_Data_.
=-=-=-=-=

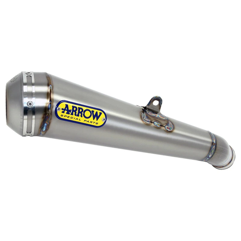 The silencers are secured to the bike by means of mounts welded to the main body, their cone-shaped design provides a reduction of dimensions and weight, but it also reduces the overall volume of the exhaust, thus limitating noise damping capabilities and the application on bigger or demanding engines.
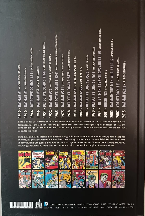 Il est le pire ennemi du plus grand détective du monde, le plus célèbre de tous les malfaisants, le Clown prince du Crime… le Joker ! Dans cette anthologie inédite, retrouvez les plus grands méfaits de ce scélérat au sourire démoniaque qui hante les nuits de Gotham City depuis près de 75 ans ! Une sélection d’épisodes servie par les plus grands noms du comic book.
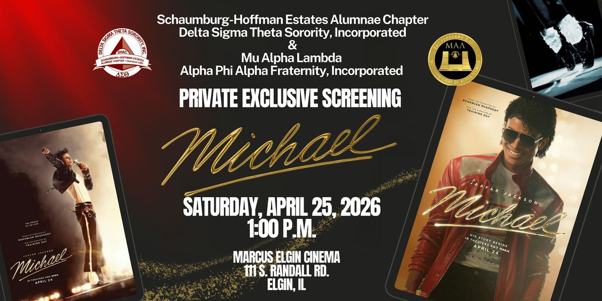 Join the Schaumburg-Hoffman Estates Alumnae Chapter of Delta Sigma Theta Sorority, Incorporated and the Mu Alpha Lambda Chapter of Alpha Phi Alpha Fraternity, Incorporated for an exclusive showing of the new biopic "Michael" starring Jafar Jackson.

=-=-=-=-=

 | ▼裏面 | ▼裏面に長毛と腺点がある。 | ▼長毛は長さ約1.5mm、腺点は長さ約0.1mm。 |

=-=-=-=-=

_Task_.
Within the material above, only the stretch from the line holding "The silencers are" through the line holding "Join the Schaumburg-Hoffman" is to be restated exactly. Pictures are dropped.

_Finished exercise_.
 The silencers are secured to the bike by means of mounts welded to the main body, their cone-shaped design provides a reduction of dimensions and weight, but it also reduces the overall volume of the exhaust, thus limitating noise damping capabilities and the application on bigger or demanding engines.
 Il est le pire ennemi du plus grand détective du monde, le plus célèbre de tous les malfaisants, le Clown prince du Crime… le Joker ! Dans cette anthologie inédite, retrouvez les plus grands méfaits de ce scélérat au sourire démoniaque qui hante les nuits de Gotham City depuis près de 75 ans ! Une sélection d’épisodes servie par les plus grands noms du comic book.
 Join the Schaumburg-Hoffman Estates Alumnae Chapter of Delta Sigma Theta Sorority, Incorporated and the Mu Alpha Lambda Chapter of Alpha Phi Alpha Fraternity, Incorporated for an exclusive showing of the new biopic "Michael" starring Jafar Jackson.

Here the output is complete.